>>49723779
>>49723780
Duly noted, I will make them even easier for my dumbed down /v/hu friends

But anyway here's how you would solve this:
There are 4 people, let's number them from 1 to 4.
Each one gets to write down the name of a person who is not themselves, so person 1 for instance can write down person 2, 3 and 4's names
So in total we have 3^4 = 81 arrangements for this game
We can represent all these arrangements with a string of four numbers, for instance 3412 is when person 1 wrote person 3's name, person 2 wrote 4's name, person 3 wrote 1's name and person 4 wrote 2's name

For idiots, you could just write down all 81 possible arrangements and count manually, that would be brute force.

But there's a simpler way: recognize that one and only one of the following can occur
(1)there are no pairs
(2)there is exactly one pair
(3)there are exactly two pairs
We want the probability of (2) plus (3)

The probability of having exactly 2 pairs is easy to calculate.
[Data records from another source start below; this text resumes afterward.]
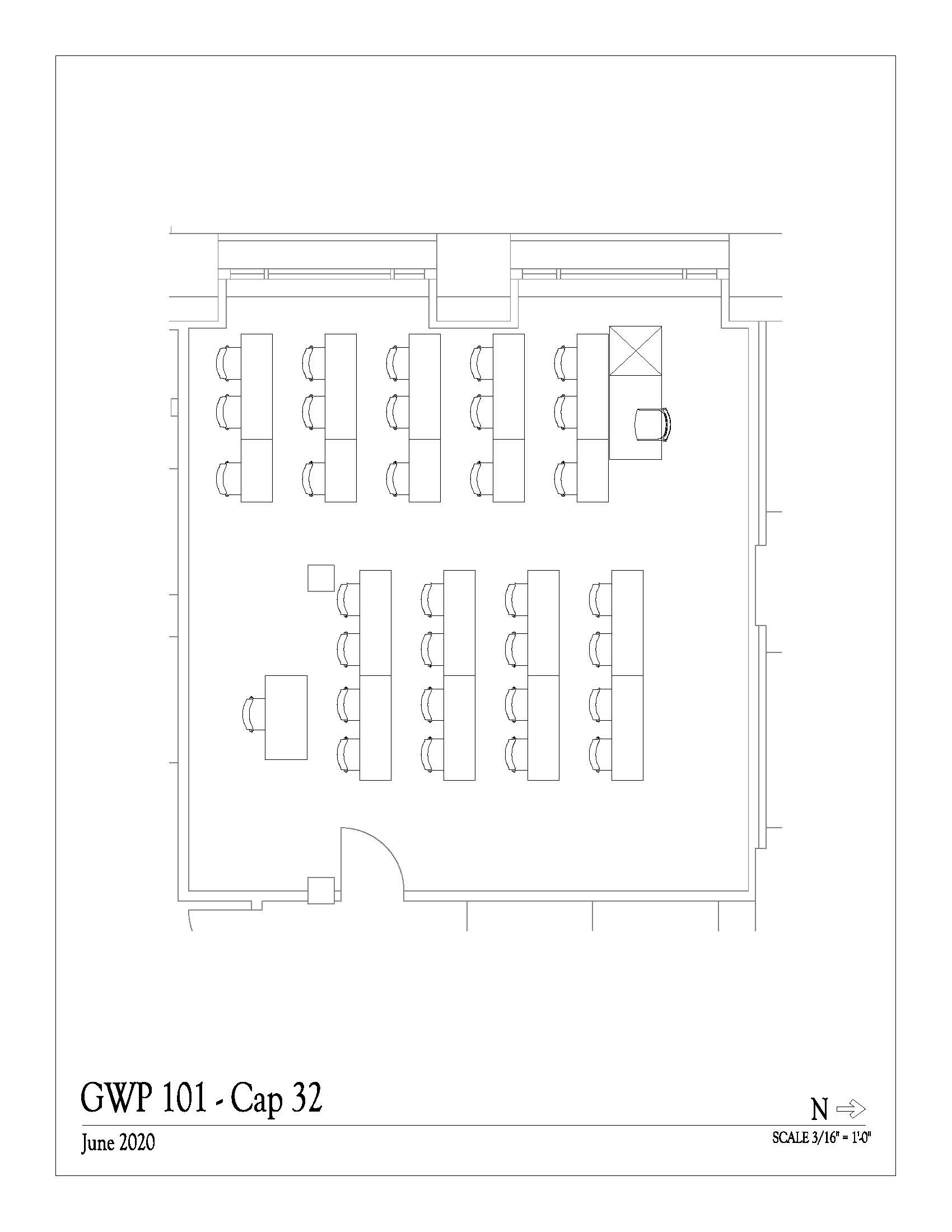 GWP 101 is a classroom in the Garretson Woodruff & Pratt building. It has a maximum capacity of 32 people. This space is subject to the quarterly scheduling timeline, which gives the highest scheduling priority to University courses. The space is scheduled by the Office of the Registrar.
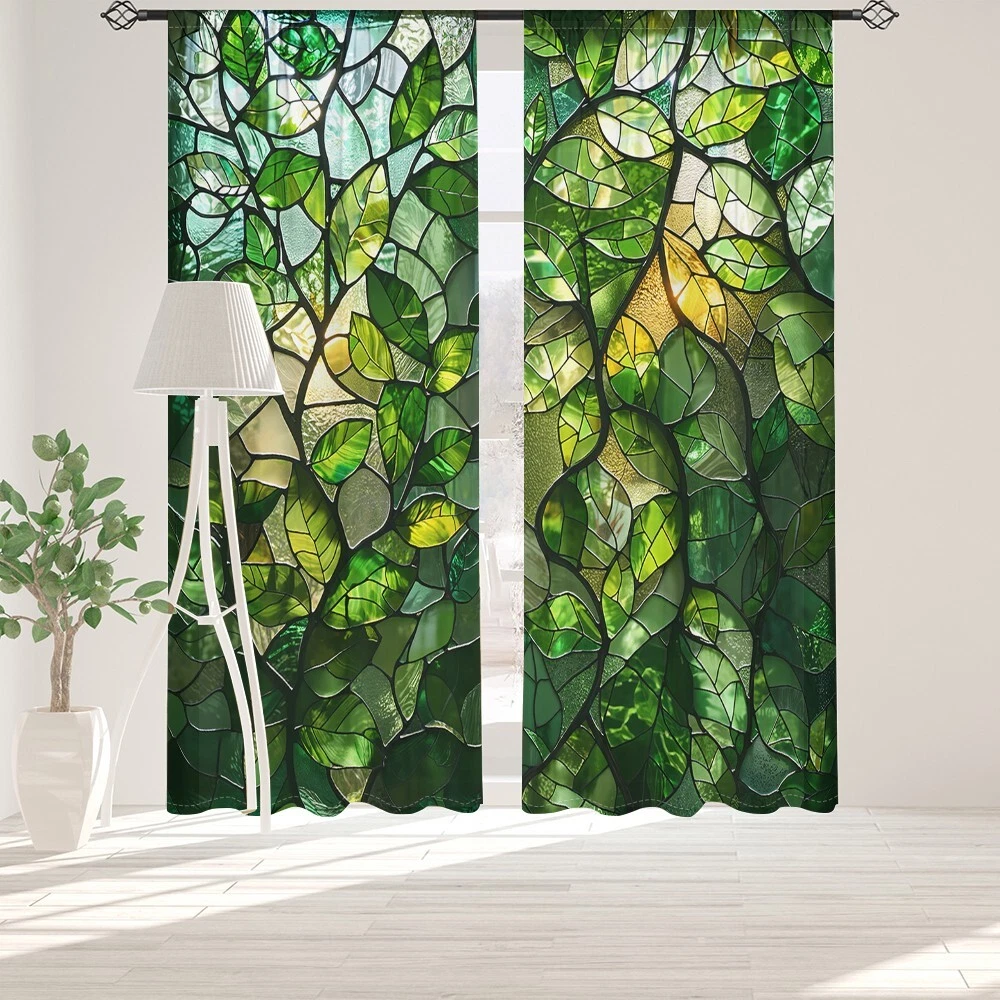 2Pcs Spring Green Leaf Glass Texture Window Curtain Bedroom Living Room Kitchen
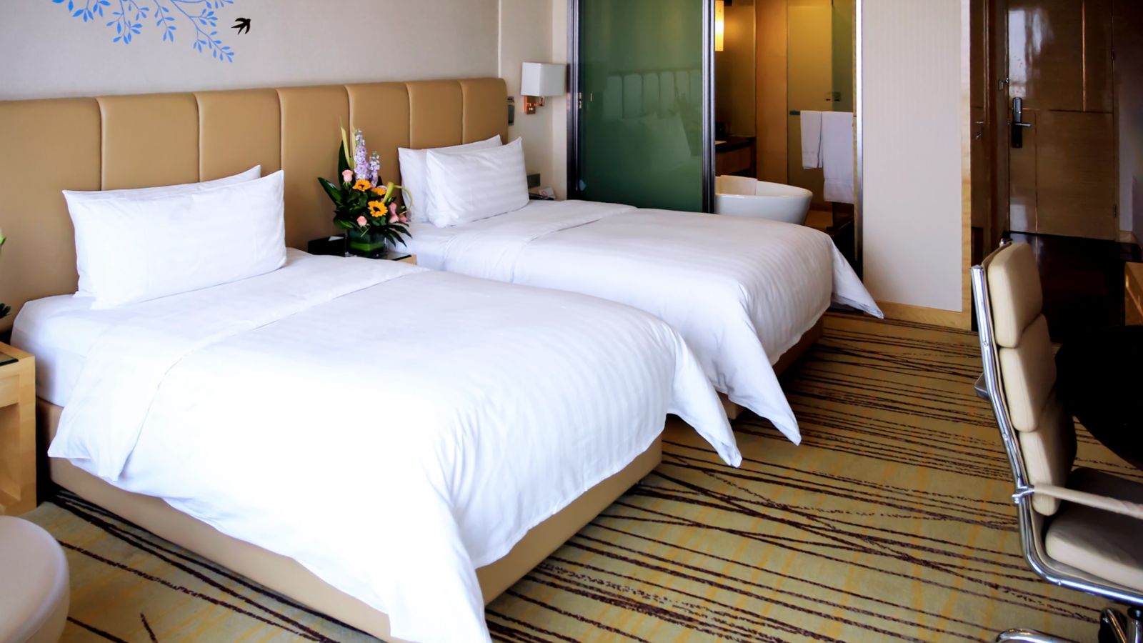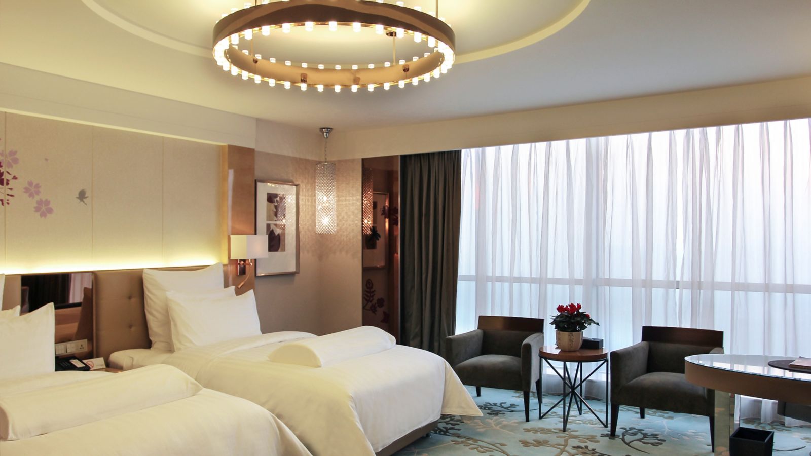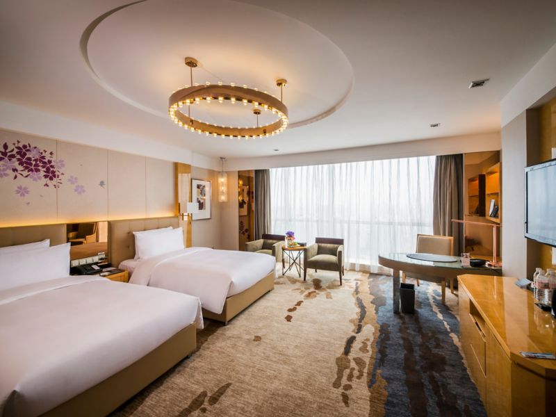 Located on 6th to 17th floor,contemporary rooms up to 40m² with grand river view and bathtub ,Take in the aura of wetland park, Hotel offers 42" LCD TV, 2 set of 1.3-meter Pullman bed and free wi-fi and high-speed internet access.

The first person gets 3 choices, but whoever he chooses is now locked into choosing him, this leaves two persons who are also locked into choosing eachother, so the probability for (3) is 3/81 = 1/27

The probability of having exactly 1 pairs is more difficult to calculate, but not too difficult. First we choose our pair from the four people, so we have (4 choose 2) = 6 choices, this pair is locked, the other two persons can write down anyone's name except their own, so we have (3*3)-1 = 8 possibilites. So in total we have 6*8=48 arrangements.

Now finally the probability of (3) is 48/81 = 16/27. So the final answer is (1/27) + (16/27) = 17/27
Which is about 63% . . .